Cumulative sum graphs are quality control charts that are possibly the most frequently used for monitoring clinical-care processes.
One of their main advantages is the use in rare cases and in events with low incidence, where it would be necessary to obtain a large sample and a long follow-up time with conventional statistical methods, which is impossible in certain cases. This is also why they are useful for studying learning curves, the introduction of new technologies and, in general, for assessing the quality of care outcomes themselves, because their profile is sensitive to very subtle changes in trends (positive or negative), which would not be observed with other methods.
On the other hand, their use can be expanded beyond quality control or monitoring, which is a new aspect in clinical research.
Las gráficas cumulative sum (CUSUM) se engloban dentro de gráficas de control de calidad, son posiblemente las que mejor se adaptan y las más utilizadas en la monitorización de los procesos clínico-asistenciales.
Una de sus principales ventajas es su empleo en casos raros y en eventos con baja incidencia, en los cuales sería necesario obtener una muestra y un tiempo de seguimiento amplio, imposible en determinados casos, mediante métodos estadísticos convencionales. También por ello, son útiles para estudiar curvas de aprendizaje, la introducción de nuevas tecnologías y, en general, para valorar la calidad de los propios resultados asistenciales, porque su perfil es sensible a cambios de tendencias (positivas o negativas) muy sutiles en los resultados, que no se observarían con otros métodos.
Por otra parte, su uso se puede expandir más allá de lo que es el control o la monitorización de calidad, aspecto que resulta novedoso en investigación clínica.

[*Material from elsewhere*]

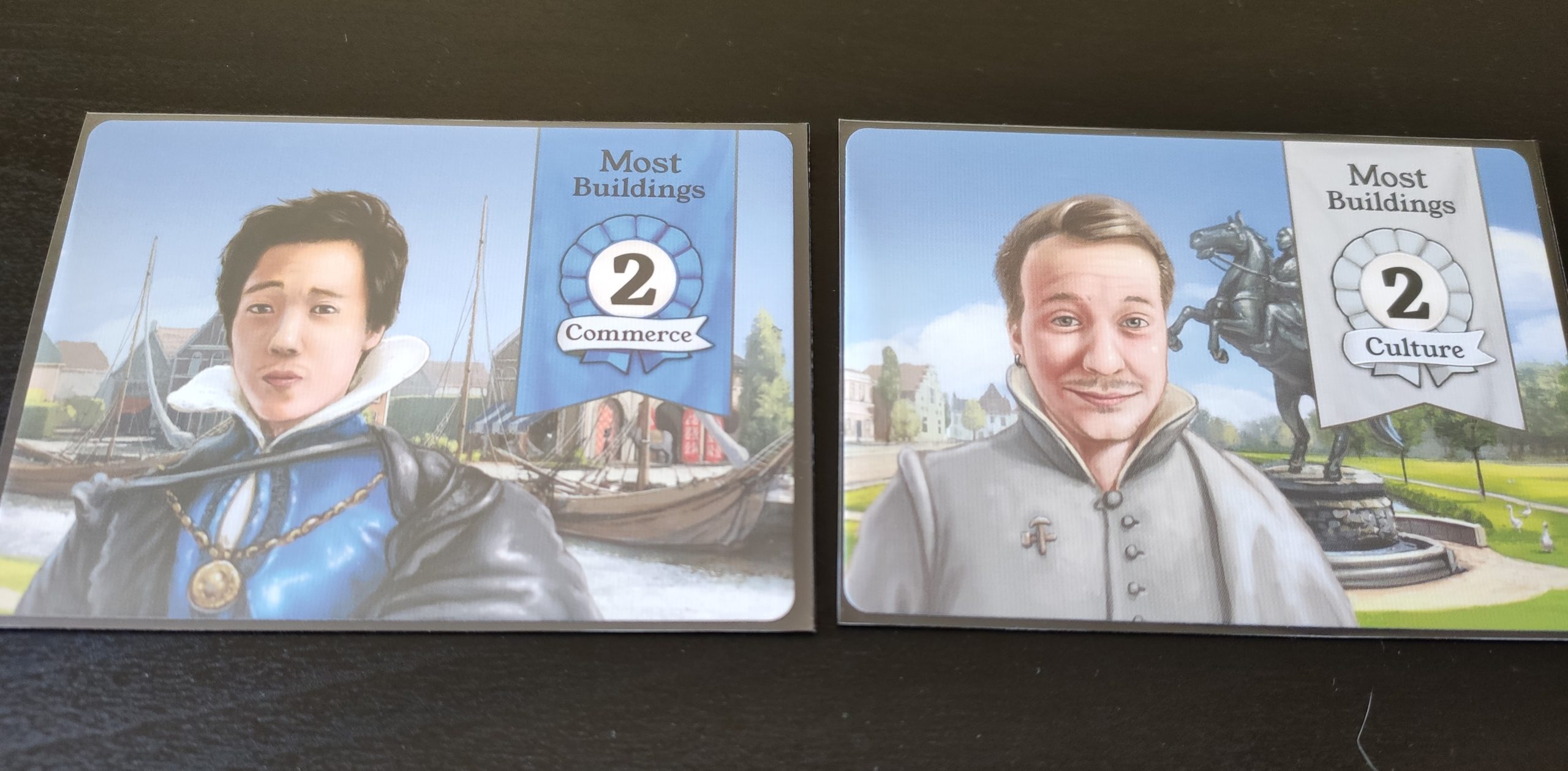 Il y a plusieurs cartes juges qui, à la fin de la partie, donneront des PV au(x) joueur(s) ayant remplis les critères d’obtention. Il s’agit d’avoir le + de bâtiments de tel ou tel type.
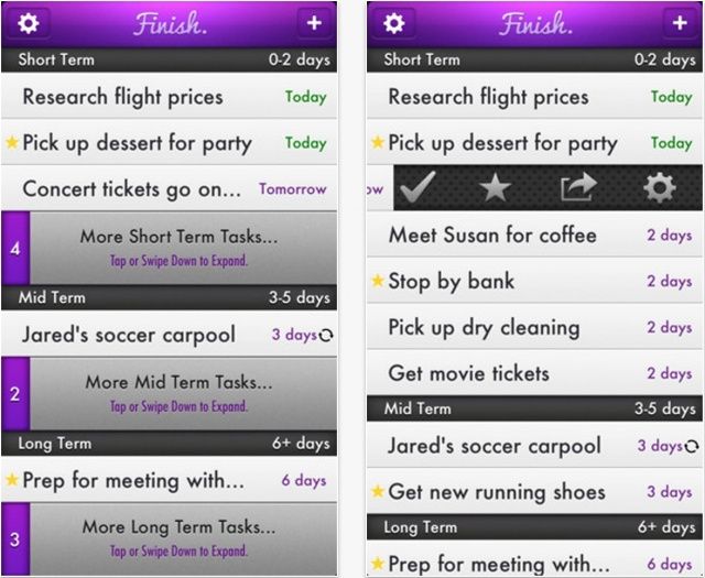 Entering a task is a simple as giving it a name and a date, and Finish’s unique “timeframes-based” interface automatically displays your most important tasks at the top. Finish also offers push notifications, so you can’t forget what needs to be done if you don’t open the app one day.

Statistical techniques for quality control were developed for the first time in the 1920s by Walter Shewhart. Due to their successful application in the American weapons industry during World War II and afterwards in the Japanese Industrial Revolution, during the 1950s these techniques began to be used in the field of medicine, specifically for monitoring laboratory results for clinical analysis or blood banks.1,2 Currently, interest in these quality control techniques is rising, both for auditing (monitoring) clinical processes as well as medical treatment outcomes.3 The field for their application is unlimited, as any human activity is susceptible to being quantified and, therefore, monitored to improve quality.
Basically, these techniques are used to monitor a process while it is underway, done visually using control charts. Assuming it is true that a picture is worth a thousand words, then a chart communicates data better than a table with an amalgam of figures. In this manner, if signs are observed that indicate a problem (i.e. a significant deviation from what was planned or is desirable), the process can be stopped and checked immediately. Thus, the main objective of these charts is to identify the trend of the process, so that if the trend worsens the process can be halted to analyze possible errors. Likewise, if the trend is better than expected, it would be interesting to identify the reasons.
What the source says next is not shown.